--- Dataset section ---
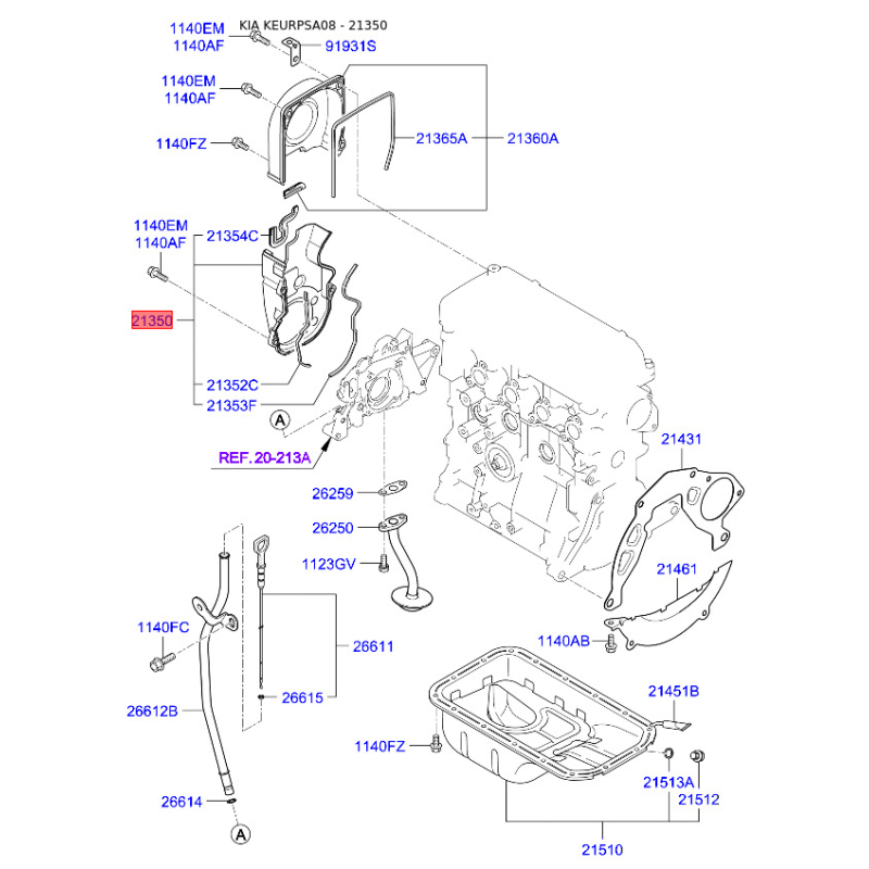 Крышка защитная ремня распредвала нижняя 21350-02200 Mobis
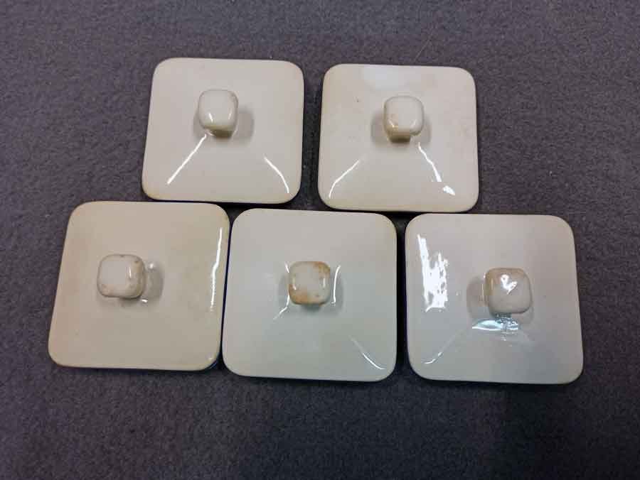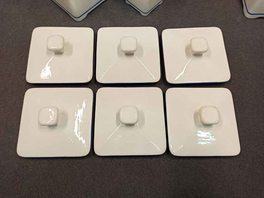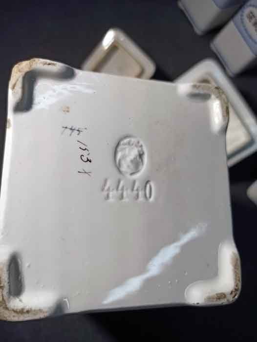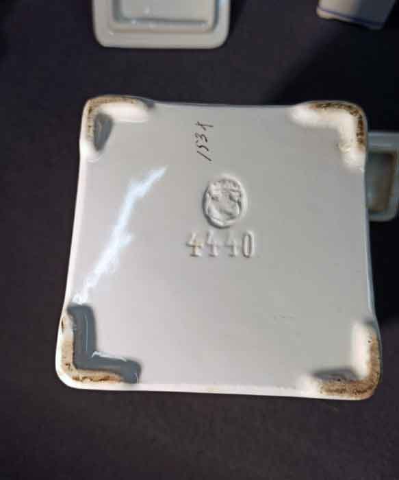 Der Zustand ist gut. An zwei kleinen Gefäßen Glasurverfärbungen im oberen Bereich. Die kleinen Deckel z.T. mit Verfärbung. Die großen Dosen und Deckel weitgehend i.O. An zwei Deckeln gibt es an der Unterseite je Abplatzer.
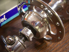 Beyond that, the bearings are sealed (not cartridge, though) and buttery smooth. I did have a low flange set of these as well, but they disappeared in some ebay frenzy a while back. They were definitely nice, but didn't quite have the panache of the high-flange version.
---
Task prompt. Return each of the lines exactly as they appear above, with no images.

Result for this exercise.
 Крышка защитная ремня распредвала нижняя 21350-02200 Mobis
 Der Zustand ist gut. An zwei kleinen Gefäßen Glasurverfärbungen im oberen Bereich. Die kleinen Deckel z.T. mit Verfärbung. Die großen Dosen und Deckel weitgehend i.O. An zwei Deckeln gibt es an der Unterseite je Abplatzer.
 Beyond that, the bearings are sealed (not cartridge, though) and buttery smooth. I did have a low flange set of these as well, but they disappeared in some ebay frenzy a while back. They were definitely nice, but didn't quite have the panache of the high-flange version.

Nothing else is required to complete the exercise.